Jo Crookshank, Simmons and Simmons

Chancellor admits defeats on VAT distortions.
There were no great surprises on the VAT front, though there were several noteworthy announcements. Firstly, the decision to raise the registration threshold to £90,000, after several years of it being frozen, perhaps signals an admission of defeat on the thorny issue of how to address the distortions created by the high registration threshold in the UK. Secondly, pressure clearly continues on the question whether the UK should re-introduce tax-free shopping. The Budget noted that the government will be looking at the issue again following the publication of more OBR findings on the fiscal consequences of its repeal. In the meantime, the government welcomes further representations on whether or not to re-introduce a VAT retail export scheme. Finally, the government confirmed it will update the underpinning legislation for the VAT Terminal Markets Order (TMO). This will allow for further reform, including bringing trades in carbon credits within the scope of the TMO in due course.

Jenny Doak, Weil, Gotshal and Manges

Tinkering with oil and gas taxation.
The Budget was relatively muted from a business tax perspective, with Jeremy Hunt preferring a “play-it-safe” strategy, adopting modest tax cuts and policies advocated by the Labour Party, rather than embarking on bolder policies which risked backfiring.
The launch of a British ISA (or “BrISA”) to reinvigorate investment in UK stocks is welcome in principle but, with a £5,000 allowance and the measure only at consultation stage, this is unlikely to move the dial.
The Chancellor had promised predictability to the oil and gas industry, reaffirming as recently as the Autumn Statement last year that the energy profits levy (“EPL”) would end by March 2028. However, he has now announced that the EPL will be extended by 12 months, thus ending in 2029. Industry have complained that this tinkering makes it impossible to plan and risks UK jobs. Jeremy Hunt will hope that they will forgive him, though, as Labour have advocated for a more radical reform of the tax through increasing the rate and removing incentives.

Paul Hale, AIMA

Deputy Speaker had the x-factor in this show.
I must have sat through about 50 UK Budgets, Statements and other fiscal events by now and this one has perhaps the least to comment on of all. Chancellor Hunt put on a good performance and enjoyed teasing the opposition parties. We’ll see how many of his claims survive the fact checking. Madam Deputy Speaker enjoyed her spell in the limelight.
The common thread from my earliest Lawson budgets (as referenced today) has always been whether the tax regime for non-domiciled individuals would be ended. At last, after repeated complex reforms, its death has come. Not even a posse of whatever today replaces Greek shipowners will ward this off. Instead, new residents will receive a four year tax exemption on foreign income and gains. This is more in line with international regimes and will certainly be easier for all to administer. The reform is projected to raise about £3 billion each year: we will see! The transitional regime will permit currently resident non-domiciled individuals to remit accumulated foreign income and gains at a 12% tax rate. I think I know where that idea came from.
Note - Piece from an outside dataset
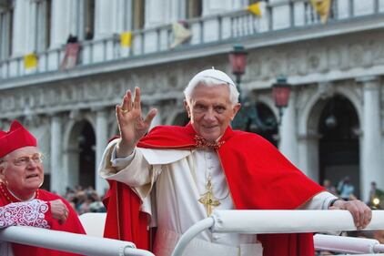Through the years VENICE, ITALY - MAY 07: Pope Benedict XVI greets the crowd gathered in St Mark's Square while crossing the square on an electric car on May 7, 2011 in Venice, Italy. Pope Benedict XVI is visiting Venice until May 8, some 26 years after his predecessor Pope John Paul II last visited the city. (Photo by Marco Secchi/Getty Images) (Marco Secchi/Getty Images)
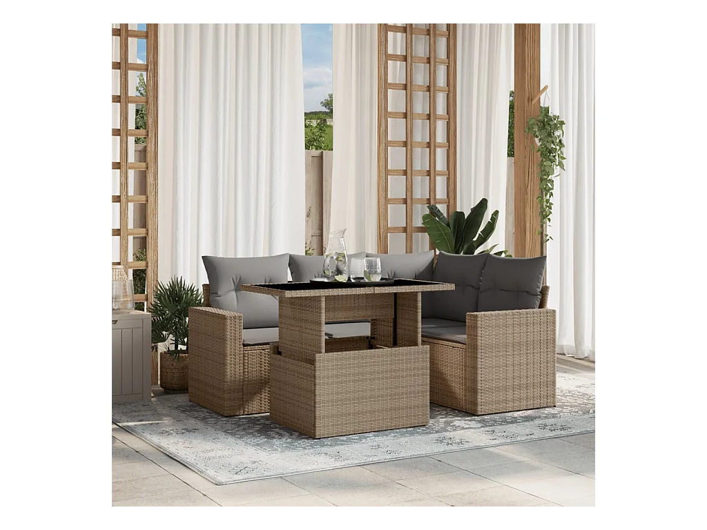 5 pcs conjunto de sofás p/ jardim com almofadões vime PE bege

The biggest impact will be on trust structures and the (due to be consulted upon) inheritance tax reforms, but private client tax advisers will not yet be thumbing through the announced HMRC guidance on deductibility of expenses of re-training.
On the financial services side, the consultation has opened for the tax regime for the new Reserved Investor Fund (Contractual Scheme). This fund type is a welcome addition to the UK fund products, but the grand vision of a suite of UK professional investor funds to rival those in other jurisdictions is no more. There are various pension fund reforms which have been long canvased, and a UK ISA which may be little more than a convoluted £5,000 extension of the annual investment limit.

Judy Harrison, KPMG

Full expensing leasing will boost UK economy.
Full expensing for leasing companies – update
The Government has announced that it will publish draft legislation in the next few weeks extending full expensing to leasing companies. However, the timing of this new measure is still uncertain.
Since 2021, the Government has sought to increase capital investment in UK plant and machinery through generous capital allowances (the super-deduction, followed by full expensing). These reliefs have not generated the anticipated benefit to the UK economy. One reason for this is that in order to fully benefit from these reliefs, businesses had to be confident they would have sufficient UK profits in the year in which they incurred the expenditure. Where very large capital investment is made, this might not be the case.
In order to deal with this concern, the Government has set up a working group to consider extending full expensing to leasing companies. The intention is that the lessor will buy the asset to be financed, lease it to the lessee for say 7 years and obtain the value of the full expensing tax relief. As result the lessee will be able to obtain cheaper finance and borrow at a higher loan to value. Given current rates of interest and inflation, such lease finance is expected to be attractive to businesses looking to invest in UK plant and machinery. It is also expected to be a factor which will influence a business deciding whether to invest in expanding its operations in the UK or overseas.
We expect this change to apply to expenditure incurred on or after the date the rule is introduced. Given the construction time for many items of plant and machinery that could benefit from this change, it is hoped that an announcement to introduce this change in a set timeframe is made soon. This will give certainty to those businesses deciding whether to invest in UK plant and machinery, and inevitably (as the new investments are built and start generating UK profits) boost the UK economy.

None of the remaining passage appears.